Prepaid Payment Instrument

Conclusion

As a result of demonetisation, the market for prepaid payment instruments has expanded significantly in recent years. The number of transactions made using PPIs has skyrocketed. PPIs were used in less than 10 billion transactions in July 2016. The amount reached more than 27 crores by July 2017. The convenience of setting up and using PPIs, along with the various promotional initiatives offered by PPI issuers like cash backs, contributed to the success of the digital payment revolution.

The 2017 New Master Directions have brought about several positive changes to the PPI regulatory system, including interoperability, fraud prevention mechanisms, measures to limit PPI abuse, and an improved consumer protection framework, among others. However, this has created many obstacles for stakeholders, including a reduction in the ease and convenience of using PPIs because KYC compliance for PPI accounts must be completed in such a short time frame, a significant increase in the minimum net-worth requirements, and several mandatory security requirements.

FAQs

1. What are Prepaid Payment Instruments?

Ans: The term “prepaid payment instrument” refers to an instrument that allows you to purchase goods and services with money stored within or on the instrument. PPIs, or prepaid payment instruments, are bills of exchange that change the purchasing against the value control at or on the instrument, as specified by the Payment and Settlement Act, 2005 of the Reserve Bank of India. Transfers of funds, banking services, exports, as well as a variety of other essential services, are also available.

2. What sets apart a ‘full-KYC’ PPI from others   

Ans: “Full-KYC” PPIs have the following salient features:

  • Natural replayability
  • The amount that is past due cannot ever go over 2,000,000.
  • There are no credit or debit monthly limits.
  • They can be used to transfer money, withdraw money, and purchase goods and services.

3. What various types of PPIs are available

Ans: PPIs can be issued as cards, wallets, or any other type of device that can be accessed to use the funds contained therein. Paper vouchers cannot be used to redeem PPIs.

4. What is the maximum amount of time a customer can keep a small PPI (with a cash loading facility)?

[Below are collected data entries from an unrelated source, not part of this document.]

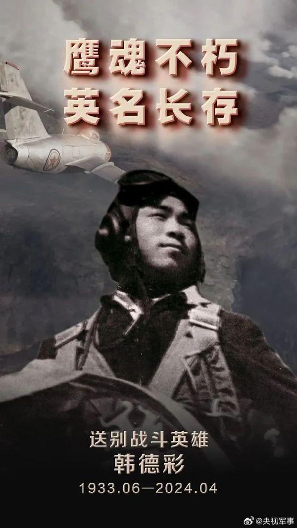 据@央视军事 报道,今天(4月1日),空军二级战斗英雄韩德彩逝世,享年91岁。……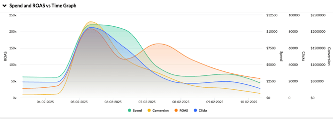 Spend and ROAS vs Time Graph: This graph highlights the performance of Spend, Clicks, Conversions and ROI over the time period selected. In case there's only one of these components that you would like to analyze, simply click on the elements that you do not want displayed from the guide below the graph to remove those elements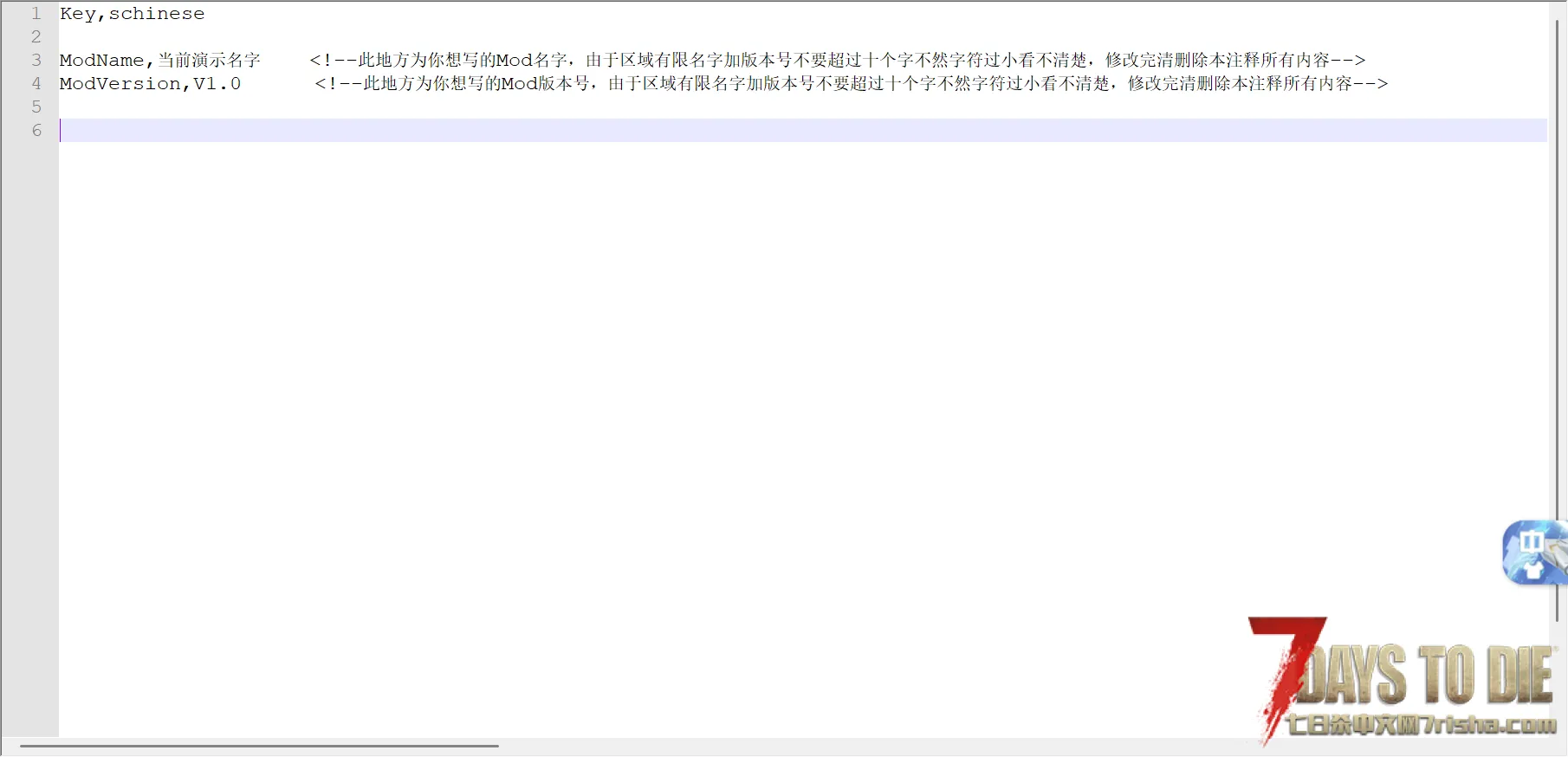 打开文本,显示为以下内容,由于区域有限名字加版本号不要超过十个字不然字符过小看不清楚,修改完成后把注释的所有内容全部删掉

Ans: You can only keep a small PPI (with the cash-loading capability) for 24 months. The PPI must be converted into a full-KYC PPI within the following 24 months; otherwise, no additional credit for that PPI will be allowed. The 24-month period starts on the day the PPI is opened. The PPI holder, however, is free to utilise the remaining balance.

5. How do PPIs get loaded?

Ans: Payment instruments regulated in India and only in Indian Rupees (INR) can be loaded/reloaded on Personal Payment Instruments (PPI), including cash (unavailable in some types of Small Instruments), debit to a bank account, and credit and debit cards (from time to time).